Orciprenaline

Absorption

3% (oral bioavailability of 40%)

Toxicity

Symptoms of overdose include angina, hypertension or hypotension, arrhythmias, nervousness, headache, tremor, dry mouth, palpitation, nausea, dizziness, fatigue, malaise and insomnia. LD50=42 mg/kg (orally in rat).

Originator

Alupent, Boehringer Ingelheim ,W. Germany ,1961

The Uses of Orciprenaline

Bronchodilator.

Indications

For the treatment of bronchospasm, chronic bronchitis, asthma, and emphysema.

Background

A beta-adrenergic agonist used in the treatment of asthma and bronchospasms. [PubChem]

Definition

ChEBI: Metaproterenol is a member of phenylethanolamines.

Manufacturing Process

In an initial operation, 3,5-diacetoxyacetophenone was reacted first with bromine and then with isopropylamine to give 1-(3,5-dihydroxyphenyl)-2- isopropylaminoethanone.
59 g of 1-(3,5-dihydroxy-phenyl)-2-isopropylaminoethanone (free base) were dissolved in 590 cc of methanol, and the solution was hydrogenated in the presence of about 80 g Raney nickel at room temperature and under a pressure of 5 atm. Hydrogen absorption was terminated after a few minutes. The catalyst was separated by vacuum filtration, and the filtrate, an ethanolic solution of 1-(3,5-dihydroxyphenyl)-1-hydroxy-2-isopropylaminoethane, was admixed with the calculated amount of an alcoholic 20% sulfuric acid solution. A crystalline precipitate formed which was filtered off and washed with alcohol.
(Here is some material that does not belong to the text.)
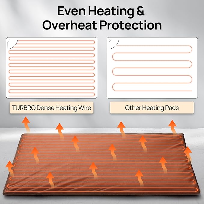 TURBRO 48x28” Extra Large Pet Heating Pad, Electric Heated Dog Bed for Large Breeds, Air Valve Design, Anti-Bite Cord, Ultra-Soft and Anti-Slip Cover, Outdoor and Indoor Use, UL Test Passed, Brown

For purification, the product was dissolved in water and the solution was filtered through iron-free charcoal.
Thereafter, the filtrate was evaporated to dryness in vacuo and the residue was taken up in alcohol. The crystalline precipitate which separated out after some standing was separated by vacuum filtration and washed with alcohol. After recrystallization from 90% alcohol, 61 g (83.2% of theory) of 1-(3,5- dihydroxyphenyl)-1-hydroxy-2-isopropylamino-ethane sulfate, MP 202° to 203°C, was obtained.

Therapeutic Function

Bronchodilator

Pharmacokinetics

Orciprenaline (also known as metaproterenol), a synthetic amine, is structurally and pharmacologically similar to isoproterenol. Orciprenaline is used exclusively as a bronchodilator. The pharmacological effects of beta adrenergic agonist drugs, such as orciprenaline, are at least in part attributable to stimulation through beta adrenergic receptors of intracellular adenyl cyclase, the enzyme which catalyzes the conversion of adenosine triphosphate (ATP) to cyclic- 3',5'- adenosine monophosphate (c-AMP). Increased cAMP levels lead to relaxation of bronchial smooth muscles and inhibition of the release of inalammatory mediators from mast cells that are involved in promoting immediate hypersensitivity .

Clinical Use

Metaproterenol was the first β- sympathomimetic drug with metabolic stability to achieve wide clinical use.

Metabolism

Hepatic and gastric. The major metabolite, orciprenaline-3-0-sulfate, is produced in the gastrointestinal tract. Orciprenaline is not metabolized by catechol-0-methyltransferase nor have glucuronide conjugates been isolated to date.